_Problem description_: Once the line containing "Eliminate the appearance" is found in the material below, it and every line after it should be transcribed exactly, with pictures left out and nothing added.

START Recorded information

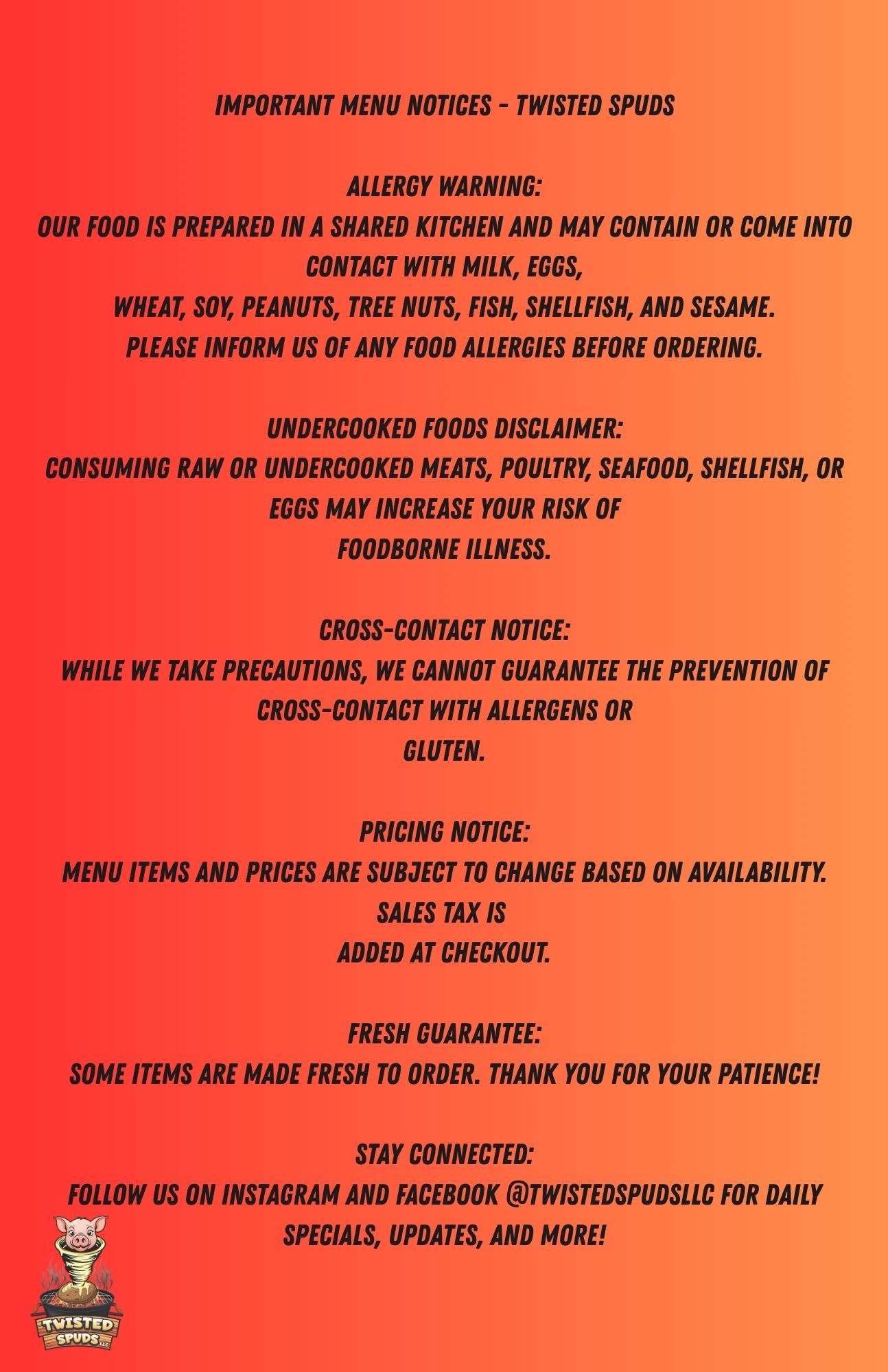 Our Current December 2025 Menu! Menu and pricing are subject to change without notice.
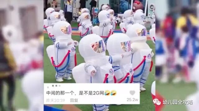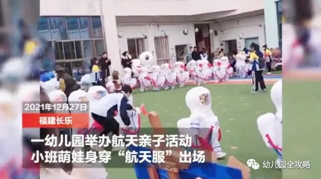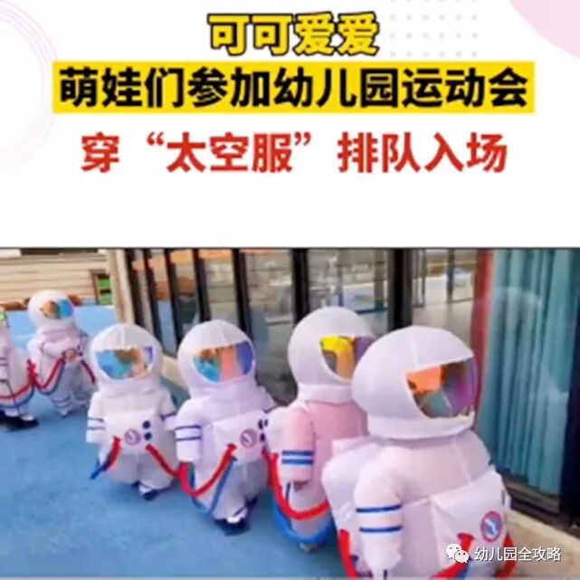 这个幼儿园就想到了太空航天的主题!那么小朋友们自然而然就是穿宇航服啦。
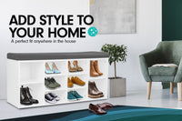 Eliminate the appearance of clutter and create a neat, organized space with this shoe cabinet with padded bench.
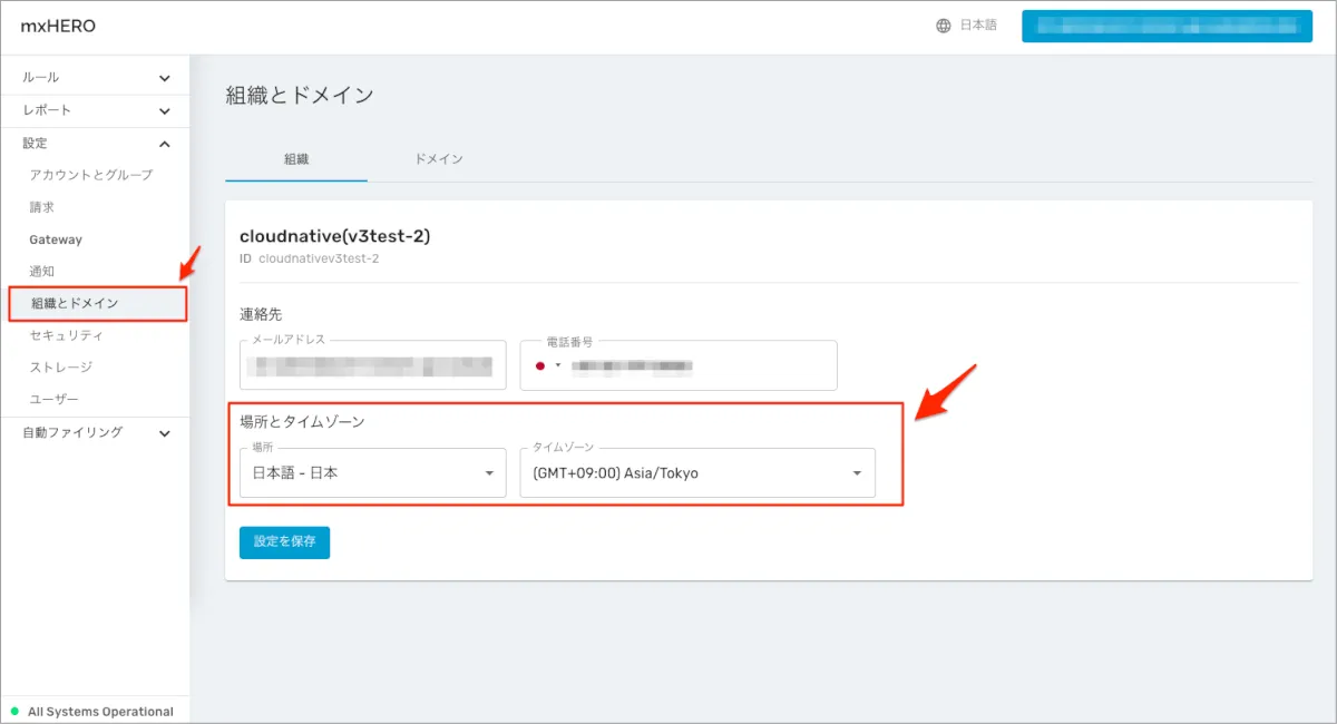 組織の言語設定とタイムゾーンを設定する

END Recorded information

_Solution to the problem_:
 Eliminate the appearance of clutter and create a neat, organized space with this shoe cabinet with padded bench.
 組織の言語設定とタイムゾーンを設定する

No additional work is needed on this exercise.